Trois ans après l’attaque chimique qui avait fait des centaines de morts dans la Ghouta, une banlieue de Damas, le 21 août 2013, et conduit au démantèlement de l’arsenal chimique de la Syrie, le président syrien, Bachar Al-Assad fait face à de nouvelles accusations. Une enquête conjointe des Nations unies (ONU) et de l’Organisation pour l’interdiction des armes chimiques (OIAC) a conclu que les forces du régime syrien se sont rendues coupables de deux attaques toxiques et l’organisation Etat islamique (EI), d’une autre, en 2014 et 2015. Ce rapport de 95 pages, qui sera débattu au Conseil de sécurité de l’ONU mardi 30 août, pourrait donner lieu à des sanctions contre le régime syrien.

Le groupe de 24 enquêteurs, baptisé Joint Investigative Mechanism (JIM, mission d’enquête conjointe), a été mis en place par l’ONU et l’OIAC en août 2015 après des attaques au chlore contre trois villages syriens, qui avaient fait 13 morts. Ils ont mené leurs recherches sur neuf attaques chimiques présumées menées dans sept régions de Syrie en 2014 et 2015, où des investigations de l’OIAC avaient déjà conclu à l’usage de substances chimiques sans en désigner les responsables.

« Une abomination » selon Jean-Marc Ayrault

Les enquêteurs de la mission ont conclu que des hélicoptères militaires syriens ont répandu du gaz de chlore sur deux localités de la province d’Idlib (nord-ouest), à Talmenes le 21 avril 2014 et à Sarmin le 16 mars 2015. L’EI a de son côté utilisé du gaz moutarde à Marea, dans la province d’Alep, dans le nord du pays, le 21 août 2015. Le rapport préconise un complément d’enquête pour trois autres attaques menées dans les provinces de Hama et de Idlib (nord-ouest).

« Il est maintenant impossible de nier que le régime syrien ait fait usage de manière répétée de gaz de chlore comme une arme contre son propre peuple », a réagi le porte-parole du Conseil de sécurité nationale américain, Ned Price. « Nous appelons fermement tous les Etats à soutenir une action ferme et rapide de la part du Conseil de sécurité », a abondé l’ambassadrice des Etats-Unis aux Nations unies, Samantha Power. La France, comme ses partenaires occidentaux, entend faire pression sur la Russie, alliée de Damas, lors du débat prévu au Conseil le 30 août.

« L’utilisation d’armes chimiques (…) est une abomination qui met en lumière le rôle accablant joué par le régime de Damas dans la détérioration continue de la situation en Syrie.

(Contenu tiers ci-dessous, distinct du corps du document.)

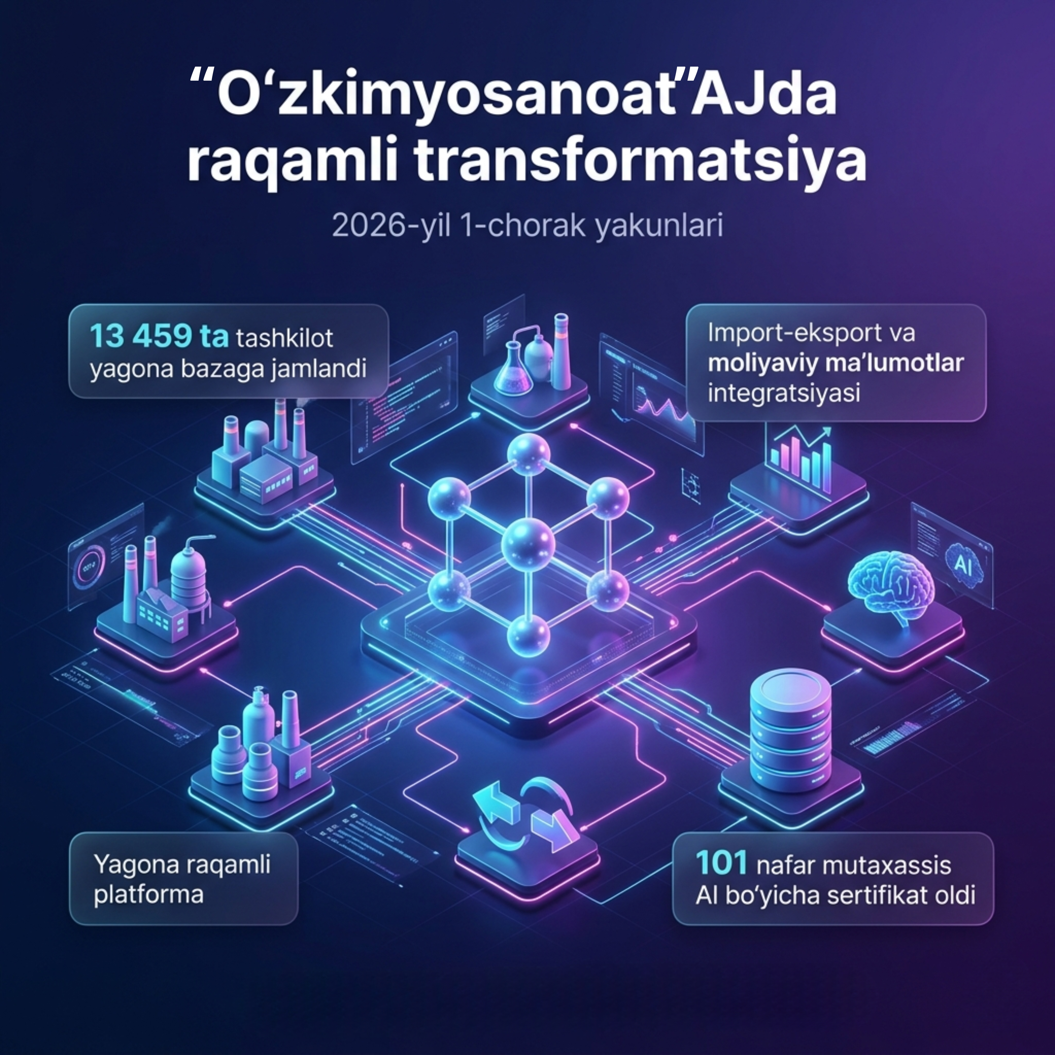 2026-yilning birinchi choragida “Oʻzkimyosanoat” AJ tomonidan kimyo sanoatini raqamlashtirish va zamonaviy boshqaruv mexanizmlarini joriy etish borasida qator muhim ishlar bajarildi. Bu jarayonlar tarmoqning shaffofligi, samaradorligi va raqobatbardoshligini oshirishga xizmat qilmoqda.

Elle appelle une réaction à la hauteur de sa gravité », a réagi le ministre des affaires étrangères français, Jean-Marc Ayrault.

Le chlore, pas répertorié comme arme chimique

La résolution 2118, adoptée à l’unanimité par le Conseil de sécurité le 27 septembre 2013, stipule la possibilité de prendre des sanctions ou de recourir à la force militaire dans le cadre du chapitre 7 de la charte des Nations unies, en cas de non-respect des engagements pris par le régime syrien. Aux termes de l’accord conclu le 14 septembre 2013 sous les auspices des Etats-Unis et de la Russie, le président Assad s’était engagé à détruire ses stocks d’armes chimiques, notamment le gaz moutarde et de sarin, et il avait adhéré à la Convention pour l’interdiction des armes chimiques. En janvier 2016, l’OIAC a annoncé que l’arsenal chimique syrien avait été détruit. Mais le chlore, qui a des usages industriels, n’est pas répertorié comme arme chimique en tant que tel.

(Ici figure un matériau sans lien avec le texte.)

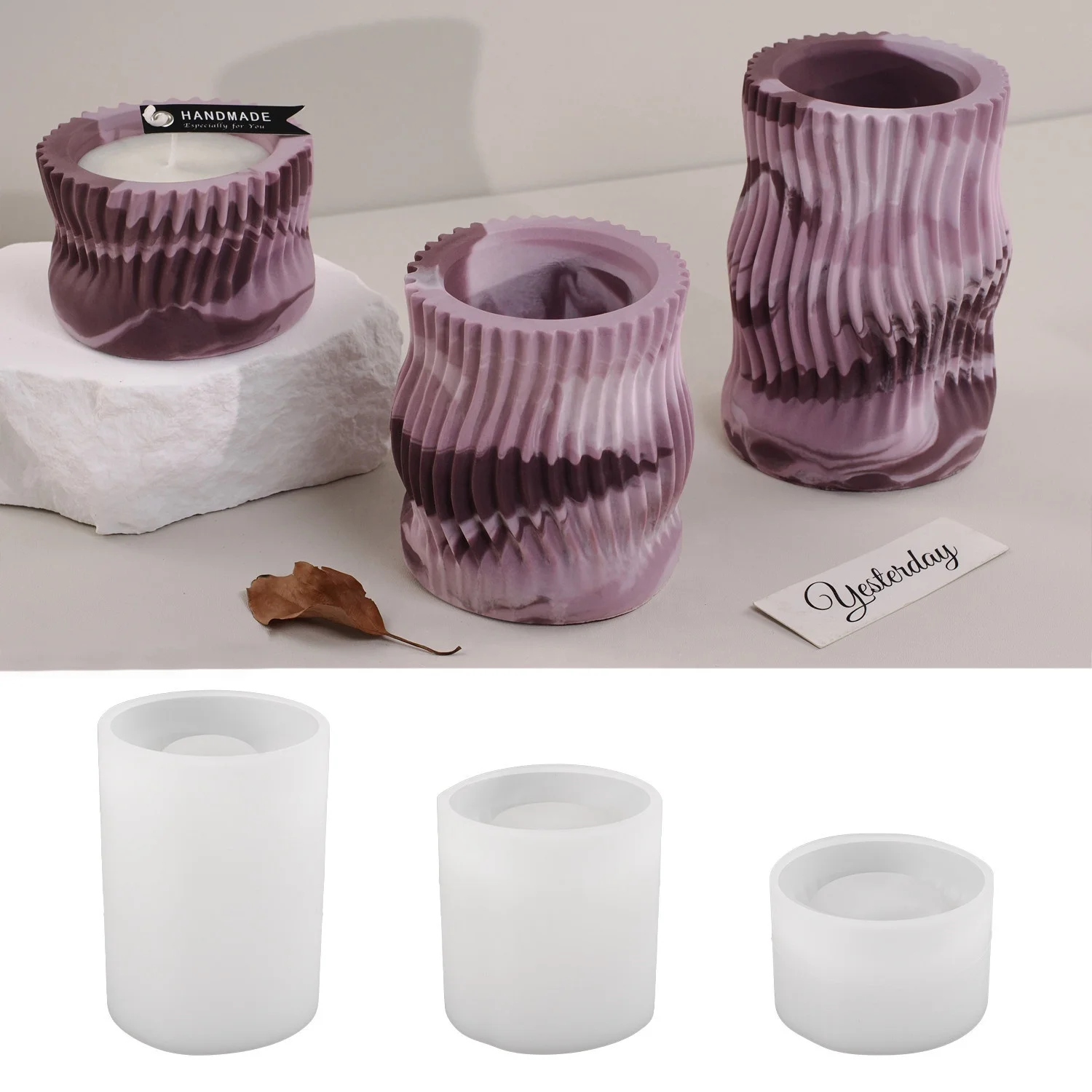 DM912 Large Striped Candle Jar Silicone Mold Irregular Storage Box ...

L’application du chapitre 7 requiert le vote d’une résolution, loin d’être acquis. Moscou a toujours affirmé qu’il n’y avait pas de preuves formelles de la culpabilité de son allié, qui nie user d’armes chimiques. La Russie et la Chine, qui ont plusieurs fois fait usage de leur droit de veto en faveur du régime de Bachar Al-Assad depuis le début du conflit en mars 2011, pourraient à nouveau bloquer une initiative du Conseil.